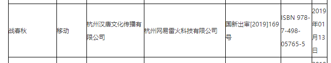 名单显示,《战春秋》由杭州汉唐文化传播有限公司出版,由杭州网易雷火科技有限公司运营。网易雷火官网显示,其为网易集团下属的内资公司,该公司产品包括《倩女幽魂2》、《天下3》等。
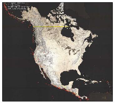 - Earthquake epicenters on a shaded relief base map, excellent for teaching and learning about the relationship of North and Central America earthquakes to landforms, rivers, oceans, and land masses. Includes epicenters above 5.0 in magnitude, with symbols color coded to indicate shallow and deep earthquakes. Base map reprinted with permission of Raven Maps and Images. Map size 45.5" x 42".
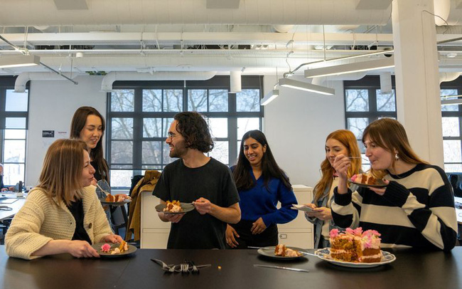 Chị Katie Mulligan mang bánh đến văn phòng và chia sẻ với các đồng nghiệp ở London, ngày 7/2/2023. (Ảnh: Reuters)
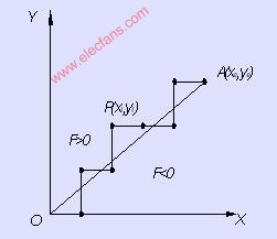 由 的數(shù)值(稱(chēng)為“偏差”)就可以判別出P點(diǎn)與直線(xiàn)的相對(duì)位置。即:
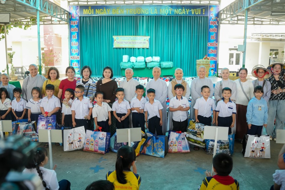 Tại xã Khánh Vĩnh, tỉnh Khánh Hòa, đoàn đã trao 300 phần quà cho các hộ dân có hoàn cảnh khó khăn bị ảnh hưởng bởi bão lũ, mỗi phần trị giá 500.000 đồng gồm tiền mặt và nhu yếu phẩm. Cùng ngày, đoàn tiếp tục trao 300 phần quà cho học sinh Trường Tiểu học Khánh Vĩnh, mỗi phần trị giá 700.000 đồng, gồm tiền mặt và đồ dùng học tập nhằm hỗ trợ các em ổn định việc học tập sau thiên tai.

□ □ □ □ □ □ □

**PROBLEM STATEMENT**
When you retype the listing, keep every line exactly as it is and drop the pictures.

**WRITTEN ANSWER**
 名单显示,《战春秋》由杭州汉唐文化传播有限公司出版,由杭州网易雷火科技有限公司运营。网易雷火官网显示,其为网易集团下属的内资公司,该公司产品包括《倩女幽魂2》、《天下3》等。
 - Earthquake epicenters on a shaded relief base map, excellent for teaching and learning about the relationship of North and Central America earthquakes to landforms, rivers, oceans, and land masses. Includes epicenters above 5.0 in magnitude, with symbols color coded to indicate shallow and deep earthquakes. Base map reprinted with permission of Raven Maps and Images. Map size 45.5" x 42".
 Chị Katie Mulligan mang bánh đến văn phòng và chia sẻ với các đồng nghiệp ở London, ngày 7/2/2023. (Ảnh: Reuters)
 由 的數(shù)值(稱(chēng)為“偏差”)就可以判別出P點(diǎn)與直線(xiàn)的相對(duì)位置。即:
 Tại xã Khánh Vĩnh, tỉnh Khánh Hòa, đoàn đã trao 300 phần quà cho các hộ dân có hoàn cảnh khó khăn bị ảnh hưởng bởi bão lũ, mỗi phần trị giá 500.000 đồng gồm tiền mặt và nhu yếu phẩm. Cùng ngày, đoàn tiếp tục trao 300 phần quà cho học sinh Trường Tiểu học Khánh Vĩnh, mỗi phần trị giá 700.000 đồng, gồm tiền mặt và đồ dùng học tập nhằm hỗ trợ các em ổn định việc học tập sau thiên tai.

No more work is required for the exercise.